▶ What is required:
Print the records below exactly, from the line containing "The interior of" down to the line containing "צמיד מחובר לטבעת", both lines included, and omit every picture.

::: Input data

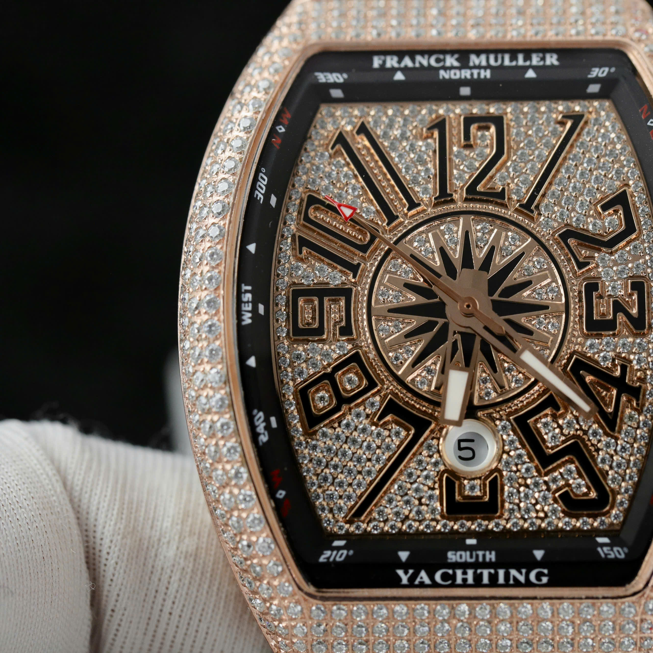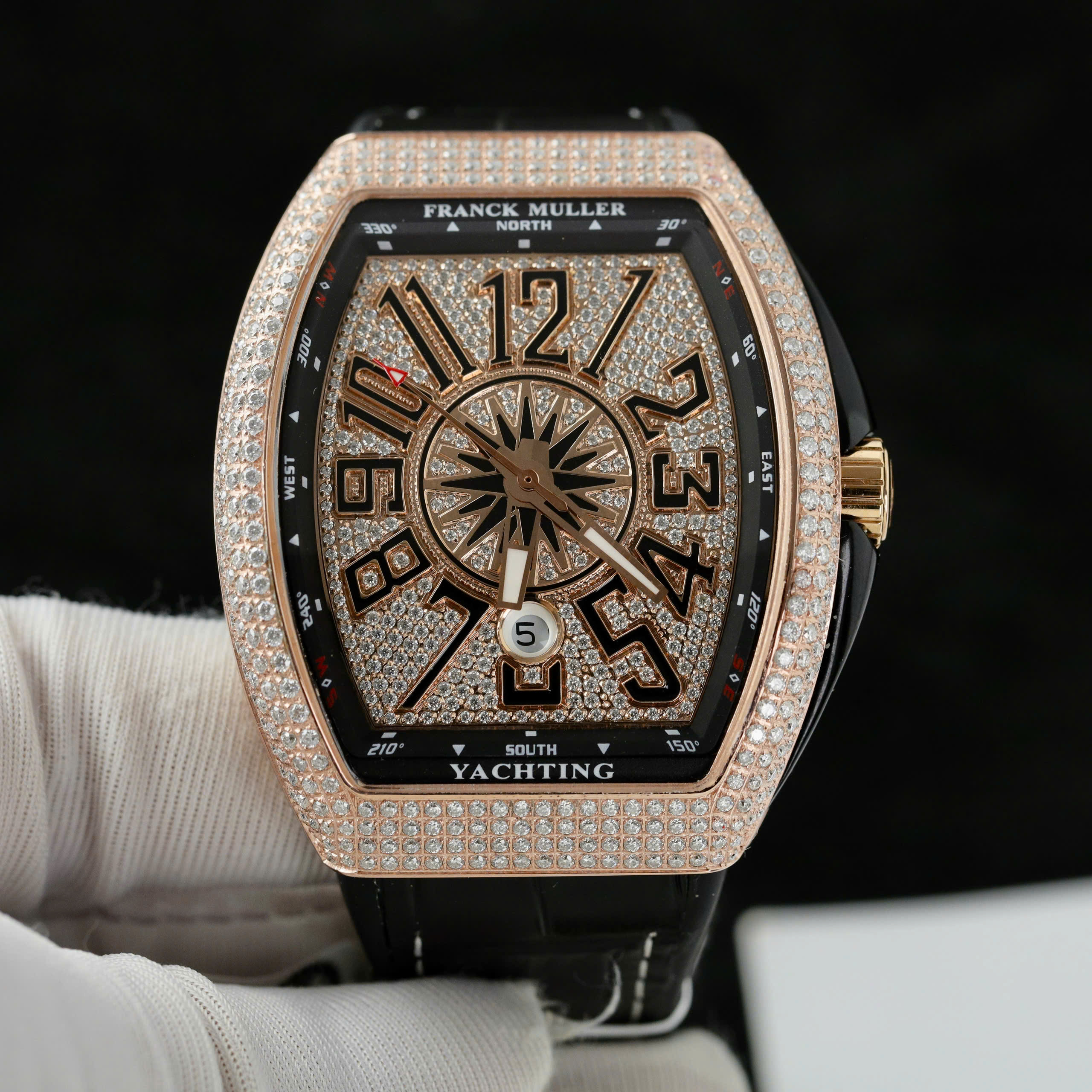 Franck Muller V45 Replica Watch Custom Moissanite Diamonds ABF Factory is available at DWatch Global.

::::::
::: Input data

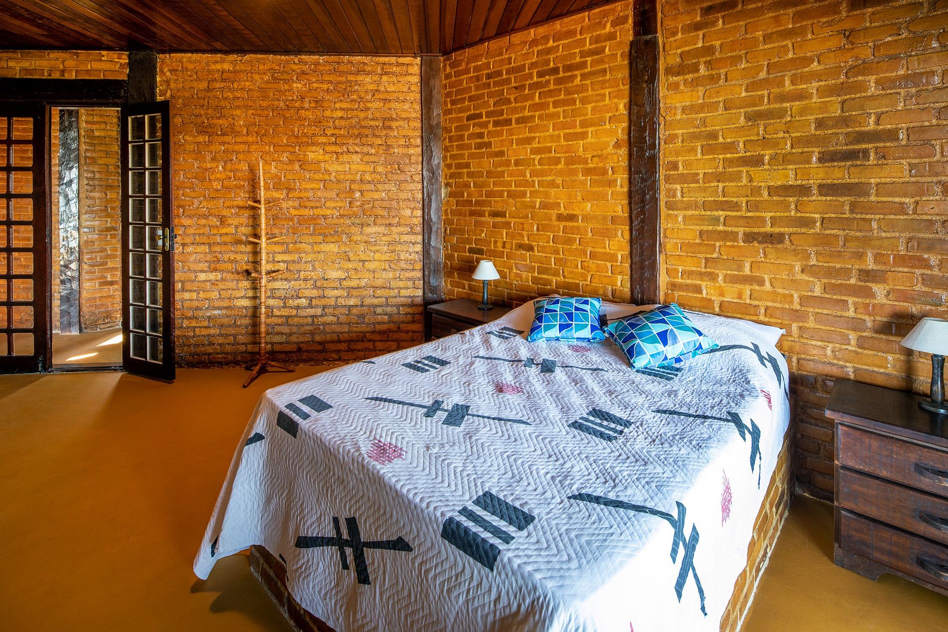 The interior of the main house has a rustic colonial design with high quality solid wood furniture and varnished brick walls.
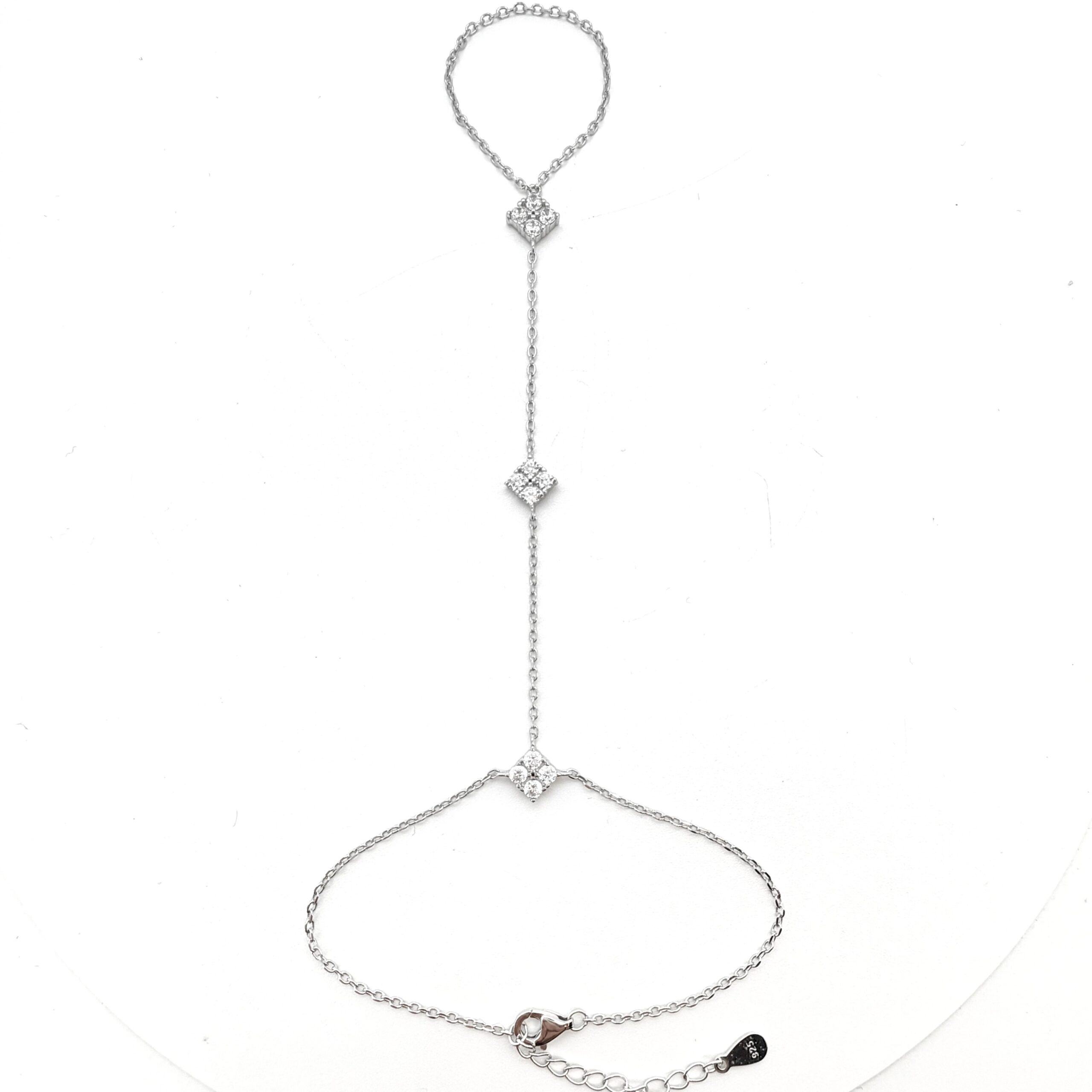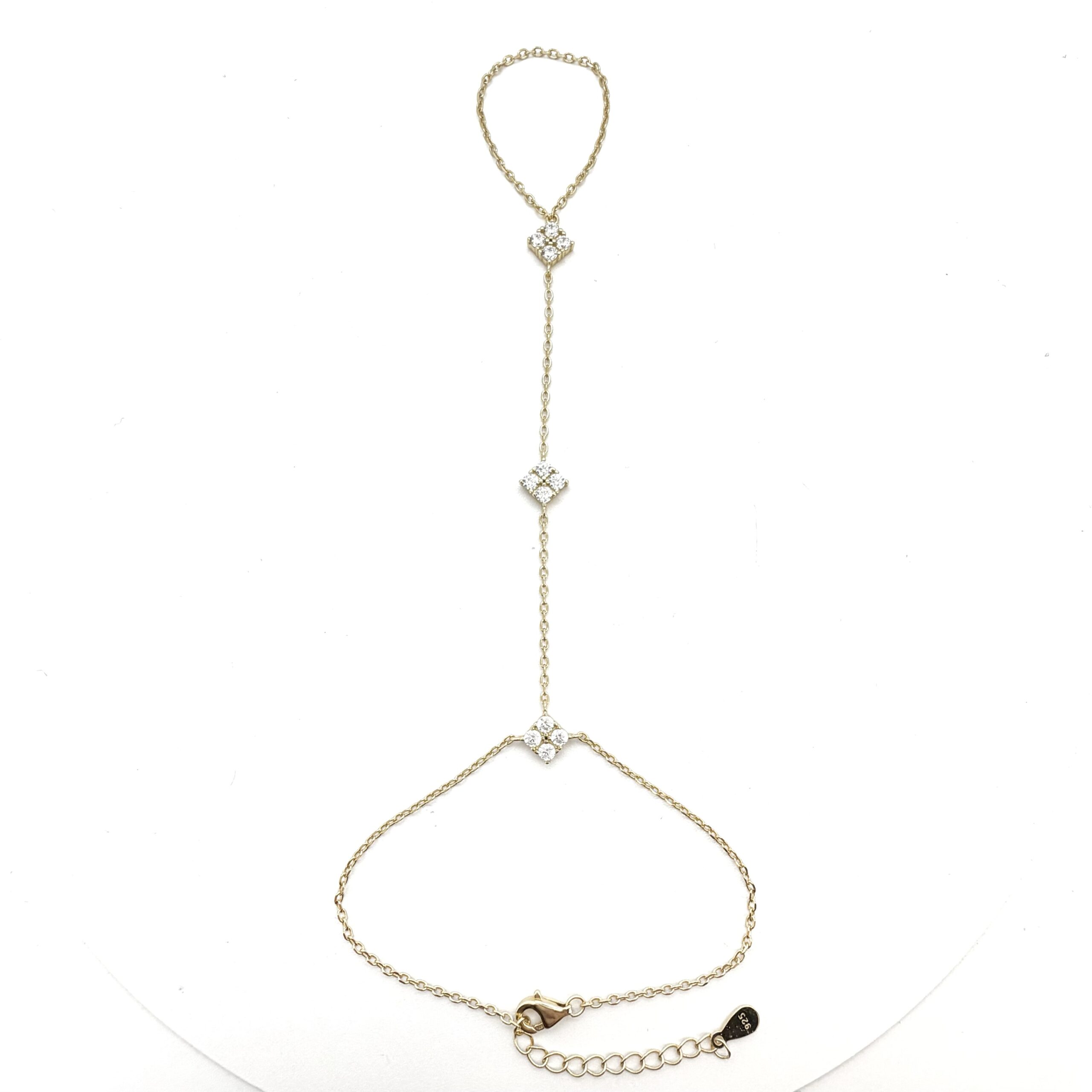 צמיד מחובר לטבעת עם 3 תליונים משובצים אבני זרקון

::::::

▶ Written solution:
 The interior of the main house has a rustic colonial design with high quality solid wood furniture and varnished brick walls.
 צמיד מחובר לטבעת עם 3 תליונים משובצים אבני זרקון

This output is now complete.